Нину Полина Ивановна опять разместила, где и прежде – в бабы-Вериной комнате, которая по очереди становилась всех их, Ванюхиных: и Александра Егоровича покойного, и Нининой, и Милочкиной, и снова Нининой. Разместила, и даже немного отпустило ее по этой причине: как будто вновь прошлое вернулось в дом, опрокинутое и надтреснутое, но снова поднятое, склеенное, как получилось, и возвращенное на прежнее место. Свою приемную мать Нина Викторовна, скорее всего, не признала, но внешне этого не выказывала. Словами же обозначить при помощи невнятных звуков получалось у нее лишь вещи вовсе ненужные и посторонние, но слова эти для Полины Ивановны были всегда почти недоходчивы.
Дальше легче пошло, но не по нездоровью Нининому легче, а по привыканию к нему, по угадыванию матерью загодя его особенностей. Многое со временем становилось Полине Ивановне видней и понятнее. Да и Максик сильно жизнь облегчил, биотуалет доставил специальный, который в доме самом хранится круглый год и запаха не дает.

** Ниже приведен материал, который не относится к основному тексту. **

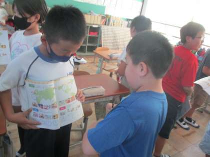 子どもたちは,自分の設定した時刻を相手が正確に答えられているかを確かめながら,多くの人たちと交流を楽しんでいました。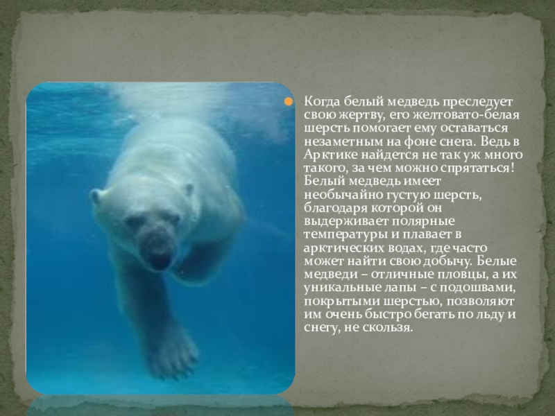 Слайд 16Когда белый медведь преследует свою жертву, его желтовато-белая шерсть помогает ему

Три раза приезжала Ирина с искренним желанием чем-нибудь помочь, оказать содействие по любому направлению жизни, но каждый раз гостевание превращалось в обыкновенный визит вежливой городской дамы, будущей далекой родни на седьмой воде от киселя, а помощь ее и на самом деле не требовалась никакая. Да и чем могла она помочь? Лекарства от Дмитрия Валентиновича поступали с доставкой из Москвы самые иноземные, в деньгах нужды не было и быть не могло – были отданы необходимые распоряжения. Да и от тех Полина Ивановна часто отказывалась: не умела тратить больше, чем, на ее взгляд, требовалось, даже для жизни с больной дочерью. В общем, сидели они просто с Нининой матерью и разговаривали. Часто к ним присоединялась и сама Нина. Про очки она теперь не вспоминала никогда, поэтому немного щурилась, и это делало ее лицо некрасивым. И тогда мать каждый раз вставала, шла к ней в комнату за очками и надевала их ей. Нина улыбалась, видно было, что это доставляет ей радость, что это ей детская забава, меняющая всякий раз представление несформированной еще души о красивом и просто обычном, о веселом и не очень смешном, о страшном и злом, но и о добром и пушистом. И она рассеянно поправляла выбивающуюся из-под дужки очков прядь волос и долго потом еще теребила ее рукой, перебирая отдельные русые волосинки и уставившись чуть ли не осмысленным взглядом в выбранную глазами точку на столе. Сидела неслышно, словно думала о чем-то своем, одной только ей известном. Иногда опять чему-то улыбалась, а иногда, глянув на женщин с хитринкой в глазах, громко смеялась, чисто так и заливчато, так, будто если б заговорила сразу после своего смеха, то словами тоже чистыми и понятными, без привычного мычания и заплетающегося в междометиях смысла. Но слов не следовало, ни чистых, ни других, а каждый раз после смеха следовали беззвучные слезы, взгляд на Ирину Леонидовну и слово «м-м-м- а-а-м-м-м-а-а». Полина Ивановна давно уже попытки расшифровать этого адресата отбросила, но Ирина догадывалась, что каждый раз в такие моменты именно она выступала в роли матери Нининой, и не Полины Ивановны, а умершей много лет назад Люси, которую ни знать, ни видеть никогда не могла.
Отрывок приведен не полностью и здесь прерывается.